Use ListInput

[riesentoaster]

(I understand why one would want the simplicity of implementing a custom input type for this tutorial, but ListInput enables a few cool features, hence this discussion entry, just to show it exists :) )

LibAFL provides ListInput, a wrapper for inputs that are lists of sub-parts. One other approach to building this fuzzer would involve using it. Steps for it to work:

1. Add the multipart_inputs feature to the libafl dependency.
2. Create a new PGMoveInput, which implements Input, and consists of the data required for a single move (so car ID and direction).
3. Replace all input types in the project with ListInput<PGMoveInput>. Replace any calls to moves with parts. Inserting and appending can be done directly using input.{insert,append}_part(). Other access functions are also available.
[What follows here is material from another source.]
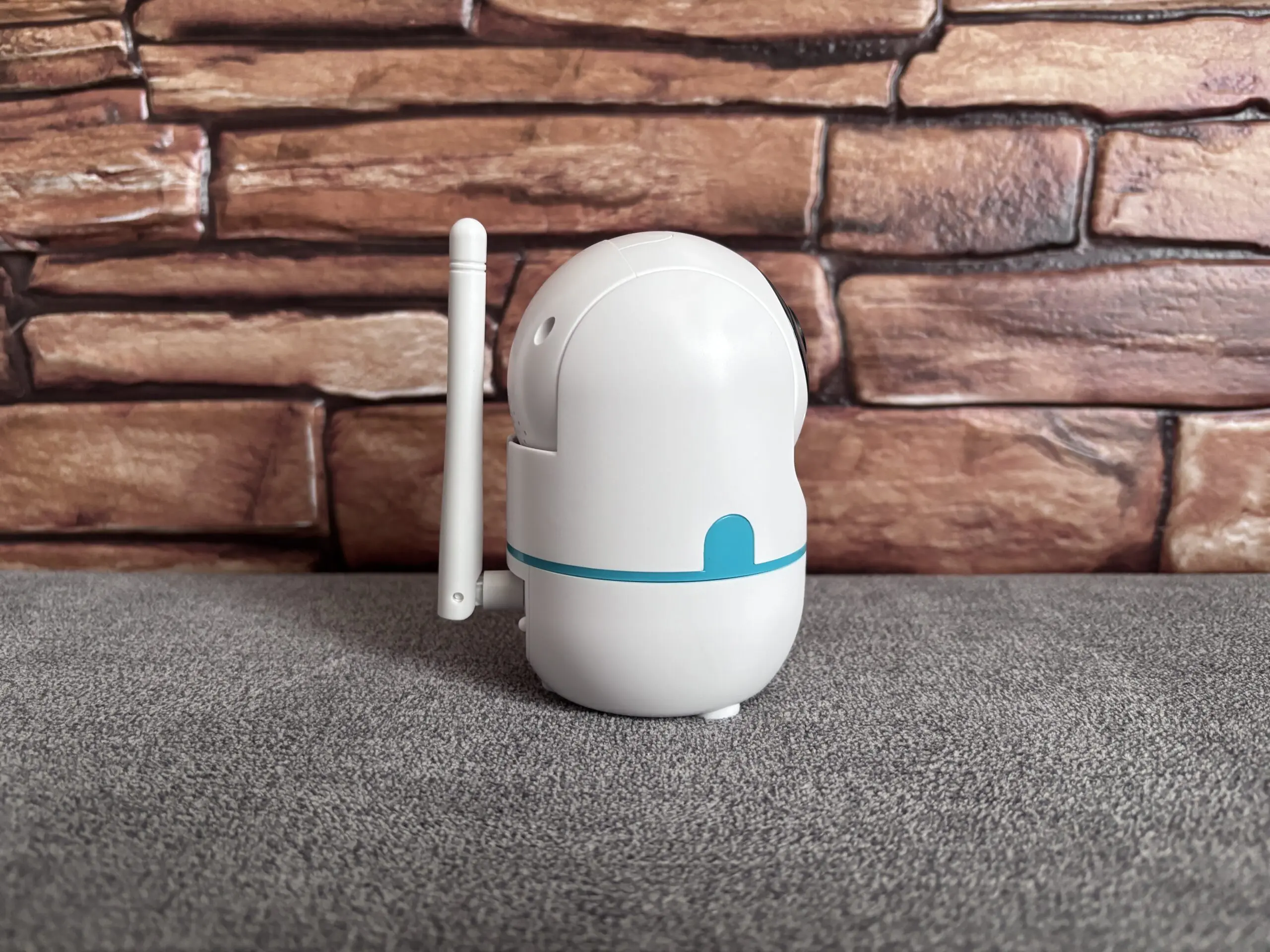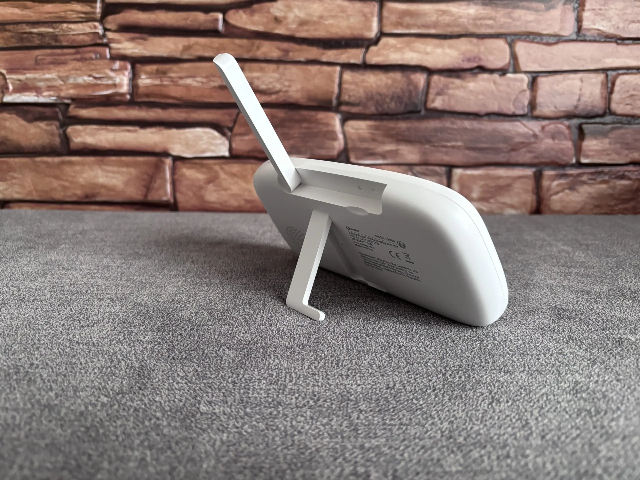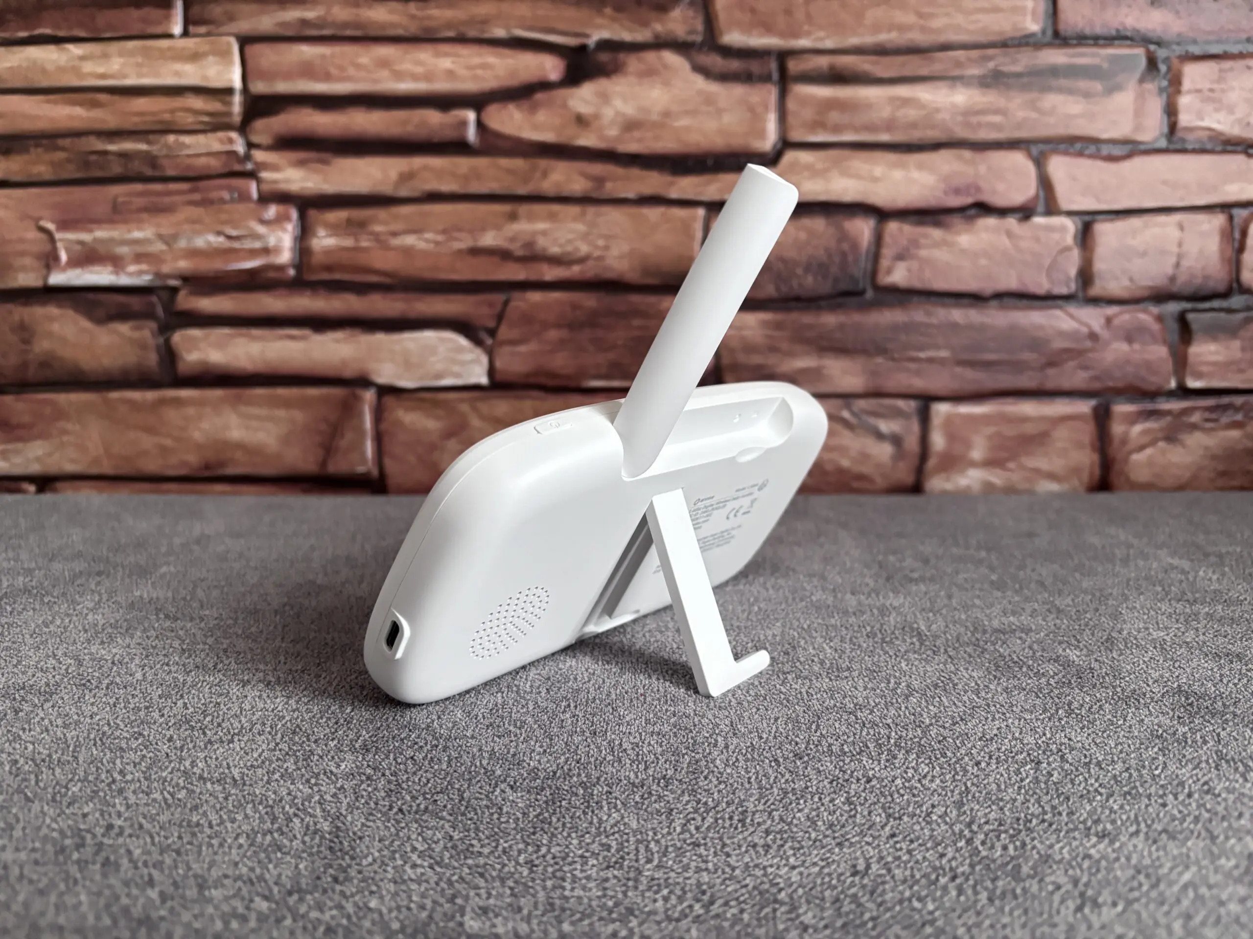 Konstrukcja opiera się na stabilnej podstawie, która umożliwia ustawienie kamery na półce lub komodzie. Dzięki możliwości montażu ściennego kamera może zostać umieszczona również wyżej, zapewniając optymalny kąt widzenia na całe łóżeczko.
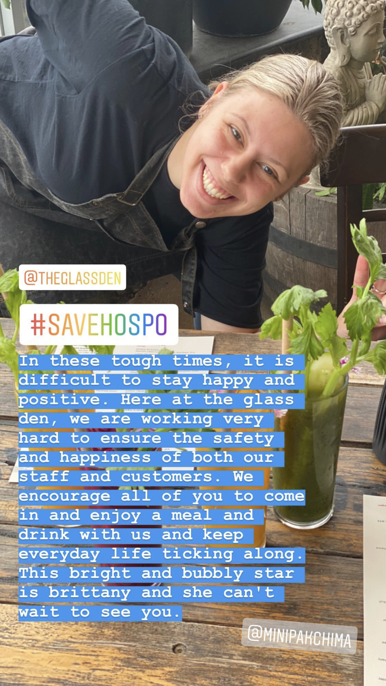 This image represents hospitality venues in Melbourne struggling to make ends meet earlier in the pandemic, before they were closed due to restrictions. The hashtag #savehospo trended on Instagram, being used by hospitality venues to ask for continued support from the public. This image is important to me as I am the worker in the background of the image. For me, the image represents my personal journey during the pandemic, where I lost my job and was unable to apply for Jobkeeper benefits as I got the job three weeks before restrictions were enforced. This photo gives insight into the struggle that a lot of hospitality venues and workers are going through during the pandemic.

One cool thing you can do is write a Generator and use it in combination with GenerateToAppendMutator (provided by LibAFL) to create essentially the same behavior as with PGTailMutator:

impl<S, T> Generator<PGMoveInput, S> for PGAppendGenerator<T>
where
    S: HasMetadata + HasCurrentTestcase<ListInput<PGMoveInput>> + HasRand,
    T: BoardValue + DeserializeOwned + Serialize + 'static,
{
    fn generate(&mut self, state: &mut S) -> Result<PGMoveInput, libafl::Error> {
        let testcase = state.current_testcase()?;

        let metadata = testcase.metadata::<ViewMetadata<T>>().unwrap();

        let options = metadata
            .views()
            .flat_map(|(c, e)| {
                let mut suggestions = Vec::new();

                for (direction, distance) in [
                    (e.forward().direction(), e.forward().distance()),
                    (e.backward().direction(), e.backward().distance()),
                ] {
                    let mut distance = *distance;
                    while !distance.is_zero() {
                        suggestions.push((c, direction, distance));
                        distance -= T::one();
                    }
                }

                suggestions
            })
            .collect::<Vec<_>>();

        drop(testcase);

        let selected = state.rand_mut().choose(&options).unwrap();

        Ok(PGMoveInput(selected.0, selected.1))
    }
}

Now, if you don't need more complicated mutators, using a custom input type (like PGInput) works pretty well. But if you want to mutate existing parts of your input (instead of just inserting or appending parts), you can then a list of other mutators already implemented generically in LibAFL (all of these work on the list level, and don't mutate the list item contents themselves):

• RemoveLastEntryMutator
• RemoveRandomEntryMutator
• CrossoverInsertMutator
• CrossoverReplaceMutator

You can further write custom mutators (or use mutators provided by LibAFL) that target a single list entry and transform them to work on different parts of your list input with ListInput::map_to_mutate_on_{last,random}_part using LibAFL's MappingMutators.

[addisoncrump]

Good notes :) Do you want to add a PR to the README near the end about this?

[riesentoaster]

I can — would you rather have something short and a link to this discussion entry or more text in the README?

[addisoncrump]

Sure, something short; maybe add an "Addenda" section and add a summary + link to this as an entry? There will likely be similar notes like this in the future.